Thanks for creating this library. It's super useful :). I have some questions which I hope you can share some of your insights.

How can I map the attention weights assigned to the tokenized text to the original input text? or if there are any libraries that could help solve this?

The reason is that the tokenized text is not really UX friendly and not necessarily interpretable for non-ML people.

Some examples

  • "I have a new GPU" would become "i", "have", "a", "new", "gp", "##u".
  • "Don't you love 🤗Transformers Transformers? We sure do." would become don't you love [UNK] transformers? we sure do.. I want to be able to show which part of the original sentence the model looks at i.e. [UNK] is pointing to 🤗Transformers

https://stackoverflow.com/questions/70107997/mapping-huggingface-tokens-to-original-input-text

Hi @hardianlawi, this is an interesting question. The short answer is that I think what you would like to do is possible. While the tokenized text is not super UX friendly it's important to remember that that tokenized text IS what the model is fed as input so attribution with respect to the tokens is for me the best way to try and represent the model's behaviour.
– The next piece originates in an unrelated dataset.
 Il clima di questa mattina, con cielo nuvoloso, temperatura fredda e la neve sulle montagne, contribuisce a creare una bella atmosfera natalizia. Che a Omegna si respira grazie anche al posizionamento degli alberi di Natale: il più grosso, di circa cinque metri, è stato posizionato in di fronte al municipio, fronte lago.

Bert like models tend to use the wordpiece method for tokenization and there are times in the explainer when you can see a model giving a negative attribution to the starting word piece and positive attribution to the negative wordpiece. For researchers and ML users interpreting their model's this could be quite useful information. To get rid of this information would be detrimental to the true interpretation of what is happening with the model.
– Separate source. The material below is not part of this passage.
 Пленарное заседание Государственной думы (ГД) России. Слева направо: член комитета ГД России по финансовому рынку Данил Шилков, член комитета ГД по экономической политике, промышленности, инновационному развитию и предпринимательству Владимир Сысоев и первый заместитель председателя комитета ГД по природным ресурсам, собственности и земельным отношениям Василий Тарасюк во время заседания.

I don't personally think I will implement a feature for mapping the attributions back to the exact text, or at least I'll have to think on it for a bit, but if you were to do this yourself you would just need to write some logic that could identify certain when a wordpiece occurs e.g. ["gp", "##u"] and then you could average the two raw attributions for gp and ##u together for a single attribution score, this will then correspond back to the original text.

Hope this helps.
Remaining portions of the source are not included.